Drama de época que consagrou Kate Winslet e levou 5 indicações ao Oscar, na Netflix Divulgação / The Weinstein Pictures

Drama de época que consagrou Kate Winslet e levou 5 indicações ao Oscar, na Netflix

Em muitas situações, o passado se comporta como uma fera mantida em uma jaula de ouro, sendo alimentada e acalentada até que, inevitavelmente, revela sua verdadeira força. A paixão ardente de um jovem por uma mulher quase duas décadas mais velha já carrega todos os elementos para o desastre. Quando a isso se adiciona um abismo ideológico e moral, as chances de que ambos não se destruam mutuamente são mínimas.

“O Leitor” é um retrato dos conflitos entre corpo e alma, da necessidade em choque com a honra. Grosso modo, o filme é um tratado sobre a importância das escolhas que, frequentemente, se transformam em maldições persistentes sobre espíritos frágeis. A direção firme de Stephen Daldry adapta o romance homônimo do alemão Bernhard Schlink, publicado em 1995, para criar um drama de guerra ambíguo, onde a inocência e a culpa não são facilmente discerníveis.

Daldry, conhecido por seu trabalho na série “The Crown”, aplica sua vasta experiência técnica para convencer o público de que está diante de uma história real de abjeção e ilusões, ambientada em um período delicado da História.
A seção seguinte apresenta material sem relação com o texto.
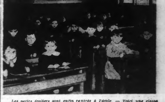
Les petits écoliers sont enfin rentrés à l'école. — Voici une classe d'enfants bien sages et attentifs.

Les écoles ont enfin ouvert leurs portes à nos écoliers et écolières après 110 jours de vacances. On sait dans quelles conditions s'est effectuée cette rentrée des classes : pour le plus grand nombre, c'est le régime de la demi-journée de travail, soit à peine 18 h. de cours par semaine. Il est sans doute bon de prendre des précautions en vue de la rentrée des classes, mais il est navrant qu'on soit obligé de prendre ces mesures au moment où la jeunesse scolaire a le plus besoin de nourriture intellectuelle.

Em 1995, Michael Berg acorda ao lado de uma mulher, provavelmente pela primeira e última vez, e se prepara para ir trabalhar, dizendo-lhe que terá uma semana cheia, justificando uma possível ausência. Este momento o transporta de volta a 1958, quando, aos quinze anos, chega a Berlim vindo do interior da Alemanha. Doente, faminto e solitário, ele para em um beco sombrio. Hanna Schmitz o encontra, o leva para casa e cuida dele com uma dedicação obsessiva.

Nenhum dos dois está inclinado ao amor puro ou platônico. Rapidamente, Michael passa a frequentar a cama de Hanna, que o trata como um menino, expressando sua reserva. David Kross, que interpreta o jovem Michael, aceita a subjugação de Hanna, que demonstra afeto à sua maneira. Ela promete todo o sexo que ele desejar, desde que ele leia para ela antes. Kate Winslet captura perfeitamente a loucura e o fascínio diabólico de Hanna, com a ajuda da direção precisa de Daldry, que a filma nua em várias cenas, sempre equilibrando entre o artístico e o vulgar.

Certo dia, Michael encontra o apartamento de Hanna vazio, sem qualquer explicação. Oito anos depois, já estudante de direito, ele a vê escoltada por policiais em um tribunal, durante um dos primeiros julgamentos dos colaboradores de Hitler.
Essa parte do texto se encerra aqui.